▸ **What you should do**: Ignoring the pictures, copy the data exactly.

▸ **Data section**:
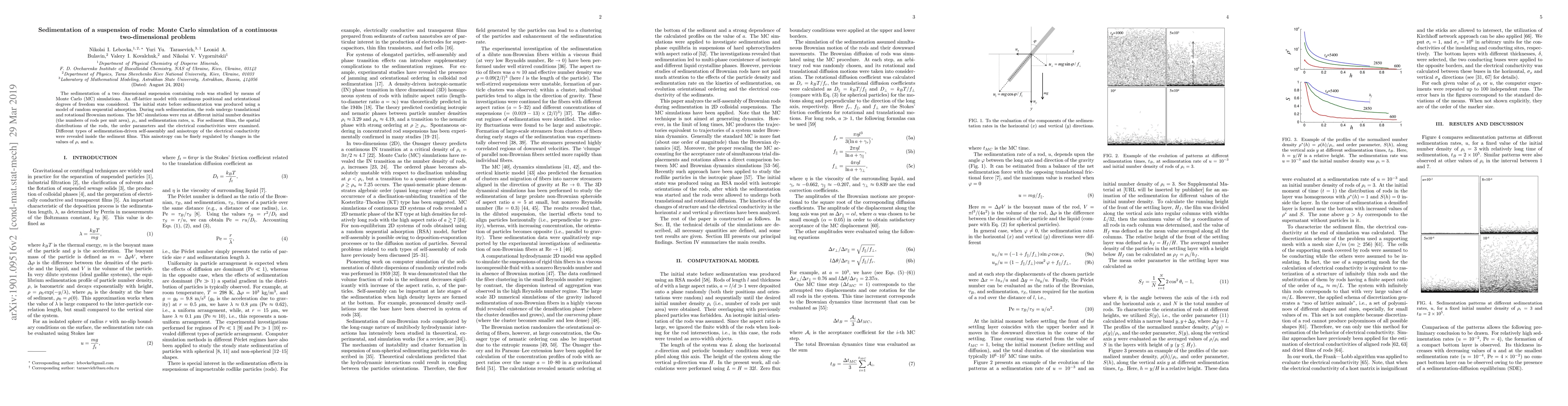 This paper uses kinetic Monte Carlo simulations to study the sedimentation of a two-dimensional suspension of rods, revealing self-assembly and anisotropy in sediment films that can be controlled by varying initial density and sedimentation rates. The simulations explore the spatial distributions, order parameters, and electrical conductivities of the sediment.
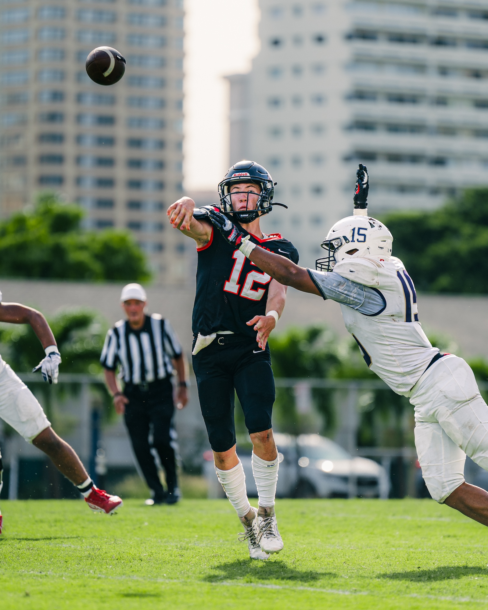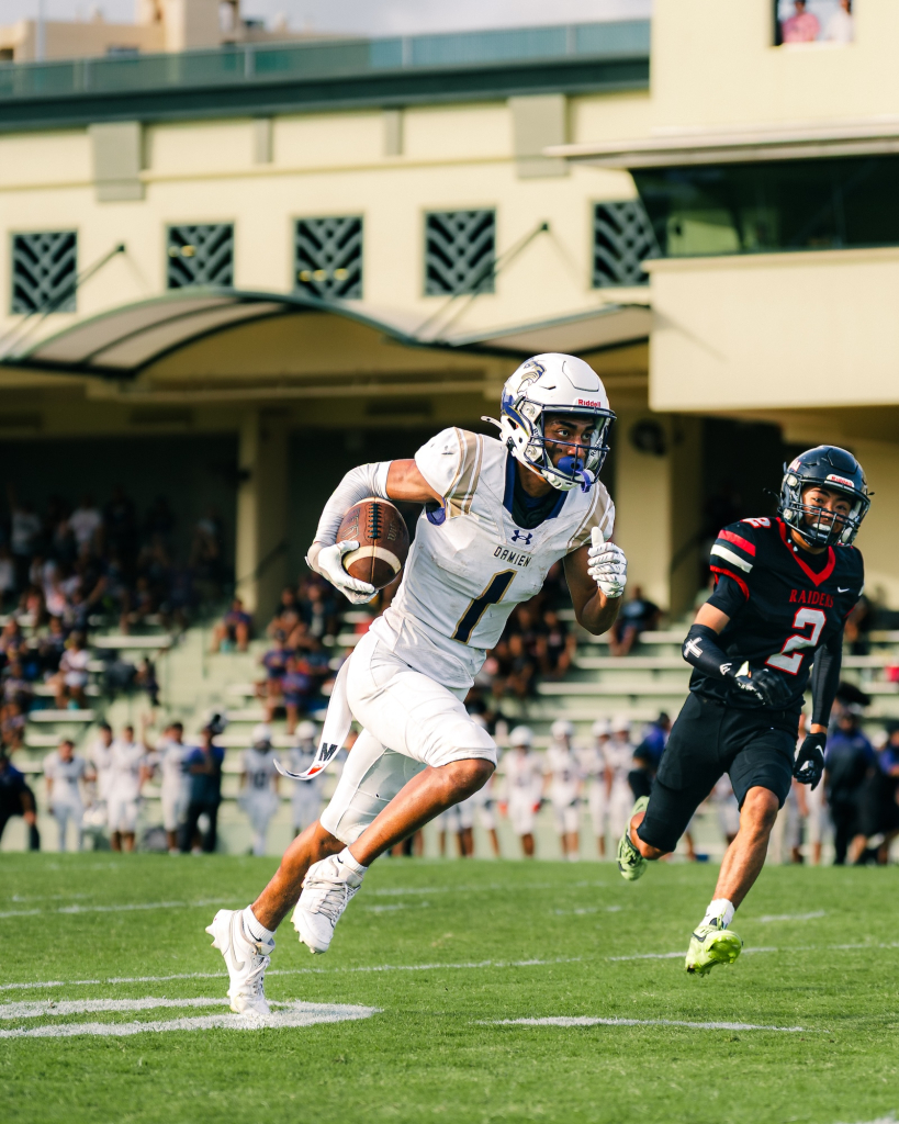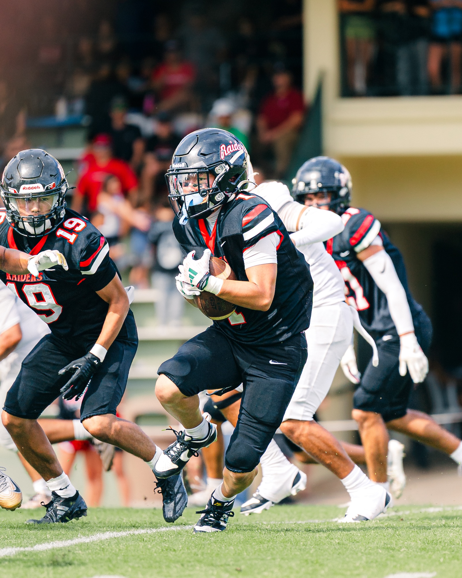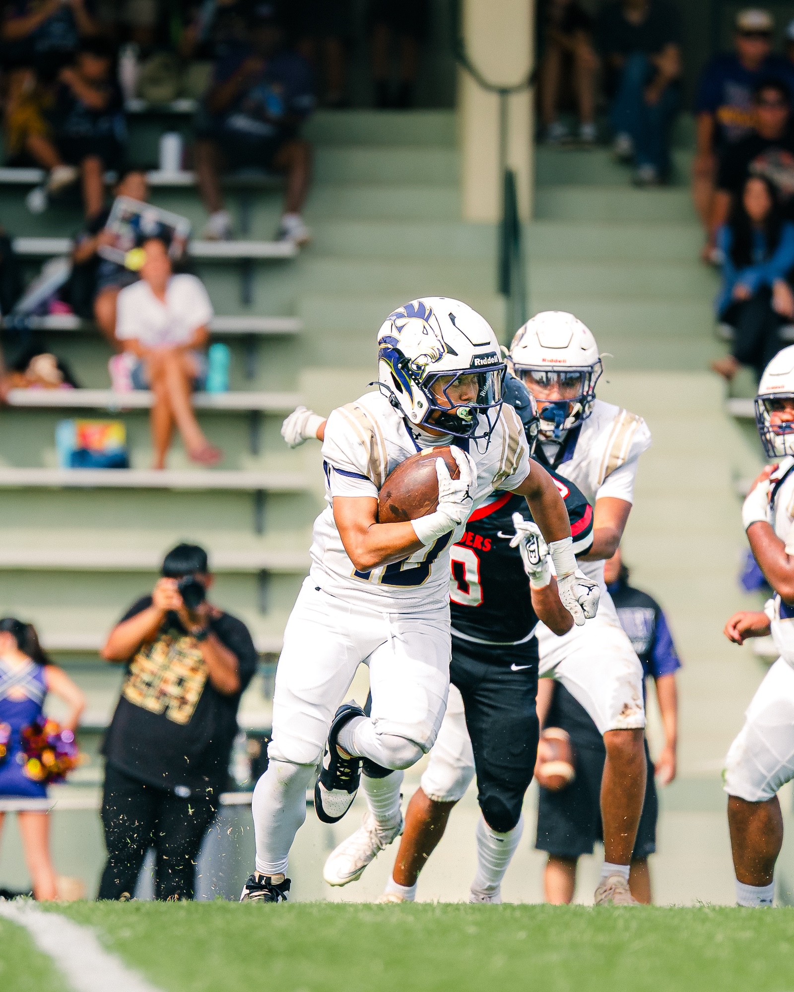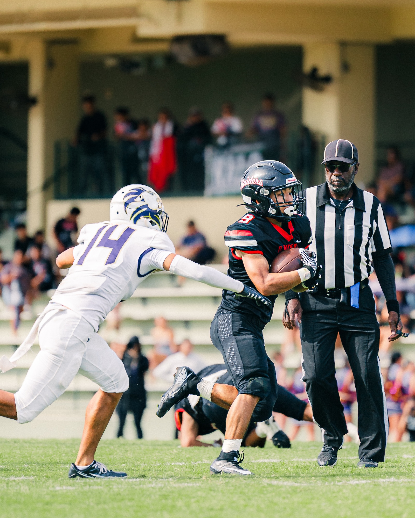 Things then looked encouraging for the Raiders after Zack Bagoyo recovered the ensuing onside kick at midfield, and the Raiders advanced to the 30 eight plays later. But on fourth-and-14, a downfield pass fell incomplete and Damien regained possession. After a three-and-out, ‘Iolani got the ball back, but an interception three plays later killed any hopes of a comeback.
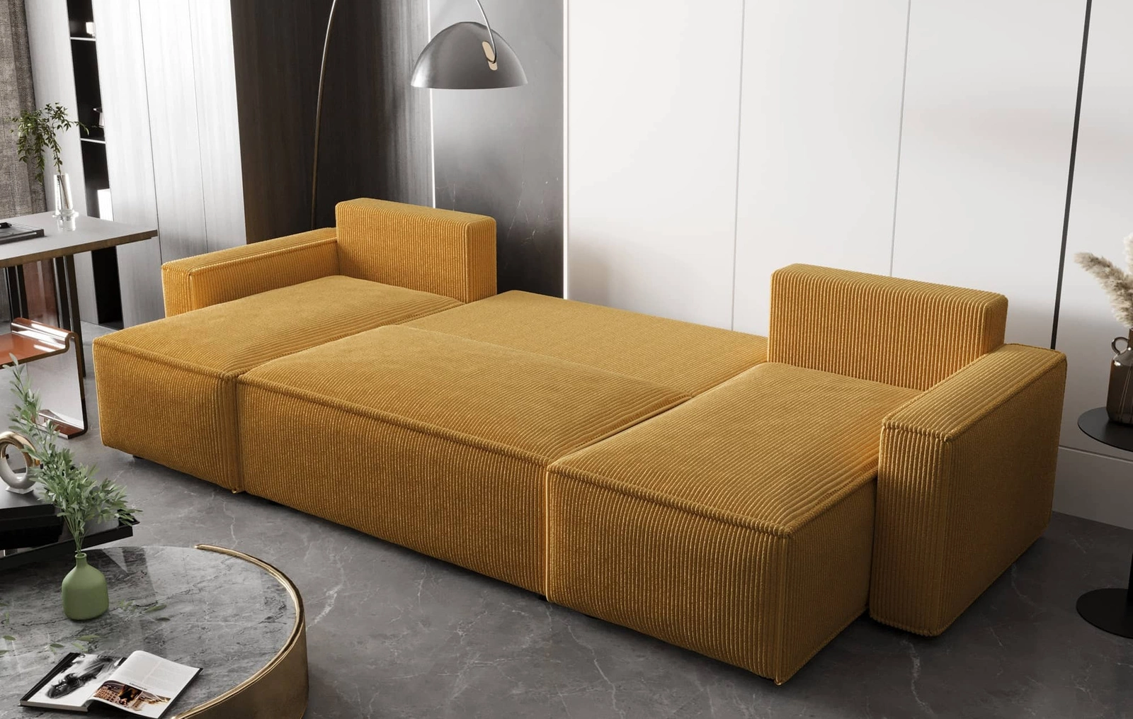 - Narożnik z funkcją spania Nelo U to nowoczesny i komfortowy mebel utrzymany w minimalistycznej formie. Narożnik pokryty jest miękką i wytrzymałą sztruksową tkaniną.
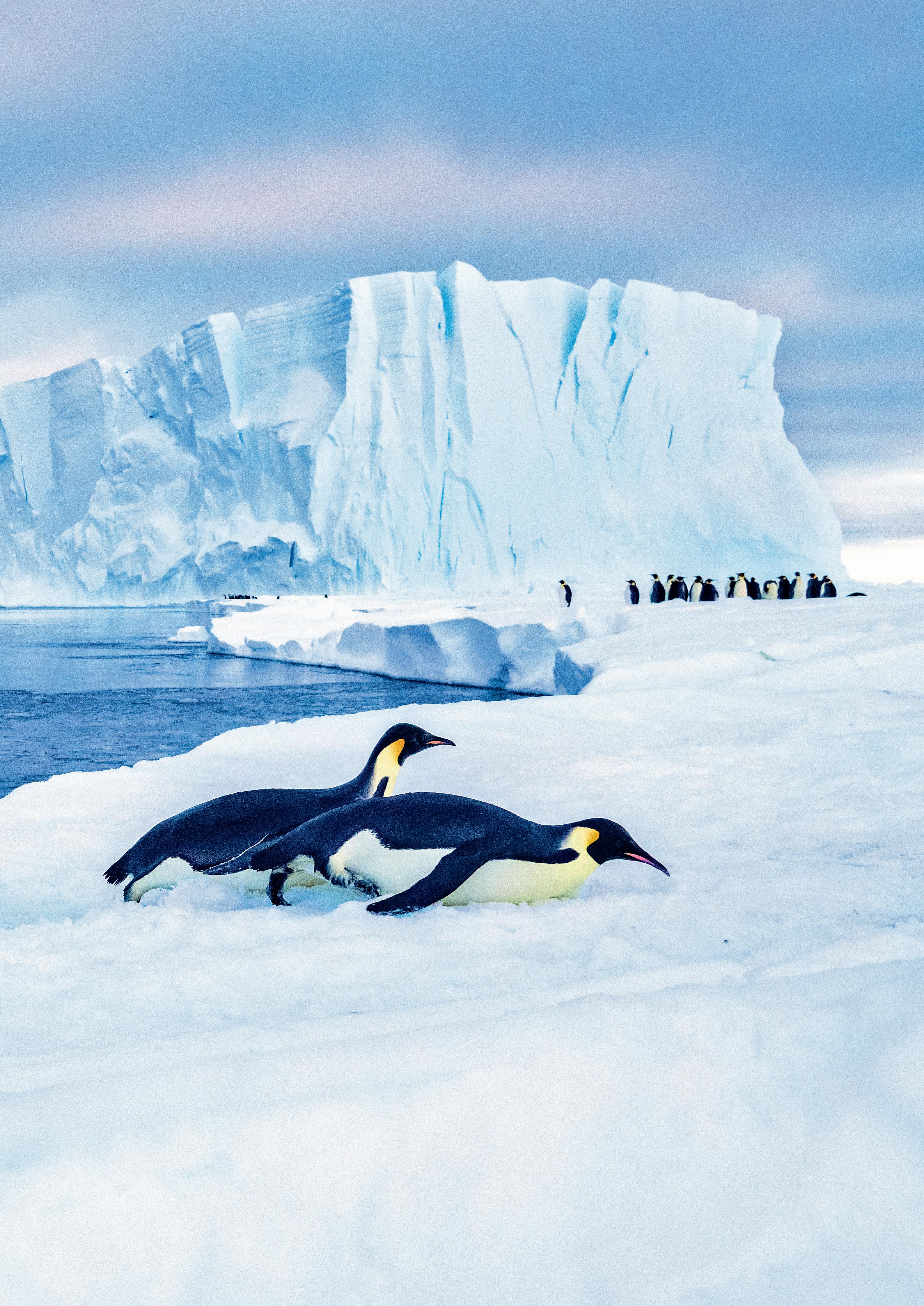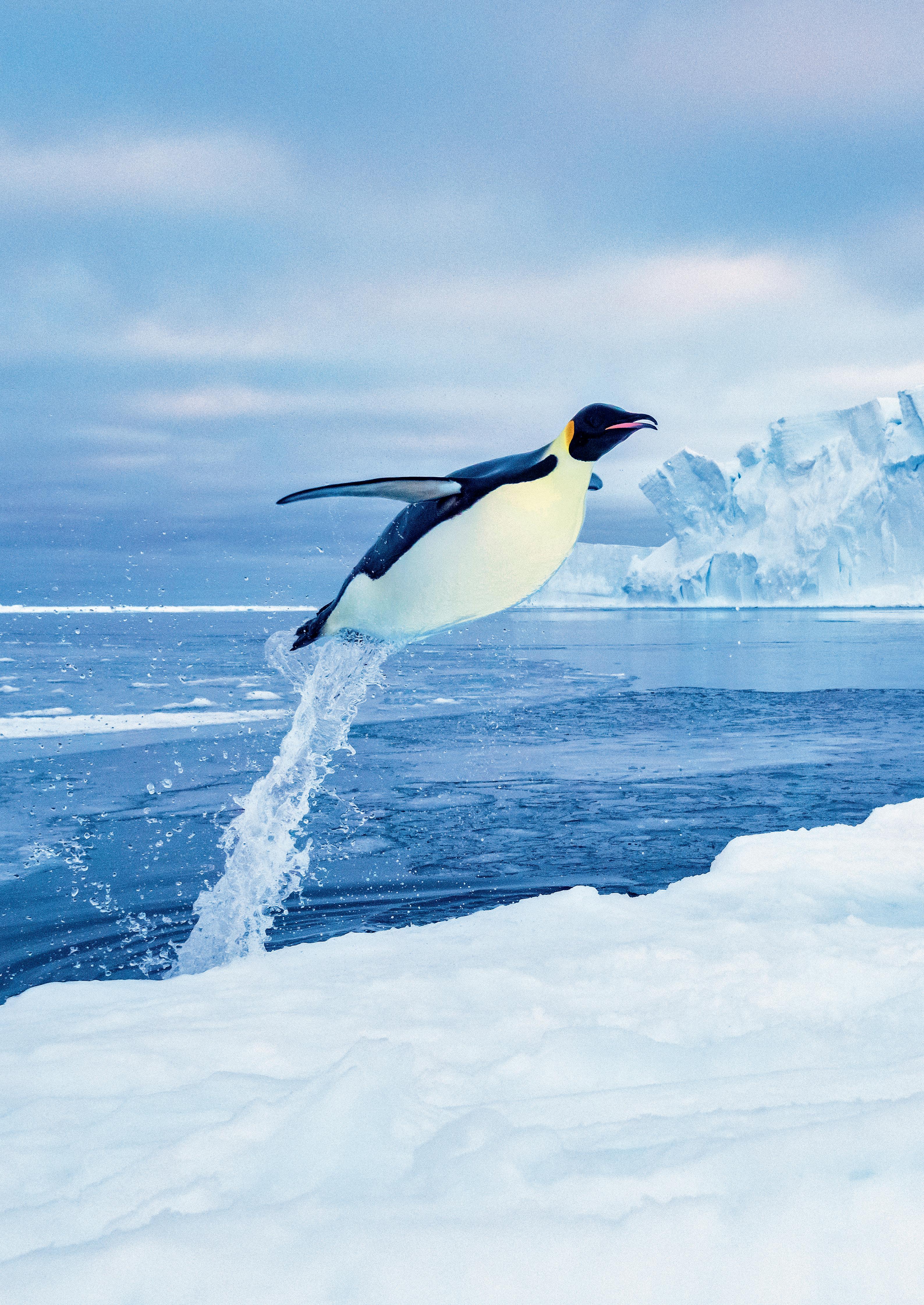 This leaping penguin in Atka Bay, Antarctica has a distinctive trail of water coming from behind its tail. This means it has released bubbles of air from its feathers in order to accelerate its leap. Now that’s what we call penguin power!

▸ **Answer box**:
 This paper uses kinetic Monte Carlo simulations to study the sedimentation of a two-dimensional suspension of rods, revealing self-assembly and anisotropy in sediment films that can be controlled by varying initial density and sedimentation rates. The simulations explore the spatial distributions, order parameters, and electrical conductivities of the sediment.
 Things then looked encouraging for the Raiders after Zack Bagoyo recovered the ensuing onside kick at midfield, and the Raiders advanced to the 30 eight plays later. But on fourth-and-14, a downfield pass fell incomplete and Damien regained possession. After a three-and-out, ‘Iolani got the ball back, but an interception three plays later killed any hopes of a comeback.
 - Narożnik z funkcją spania Nelo U to nowoczesny i komfortowy mebel utrzymany w minimalistycznej formie. Narożnik pokryty jest miękką i wytrzymałą sztruksową tkaniną.
 This leaping penguin in Atka Bay, Antarctica has a distinctive trail of water coming from behind its tail. This means it has released bubbles of air from its feathers in order to accelerate its leap. Now that’s what we call penguin power!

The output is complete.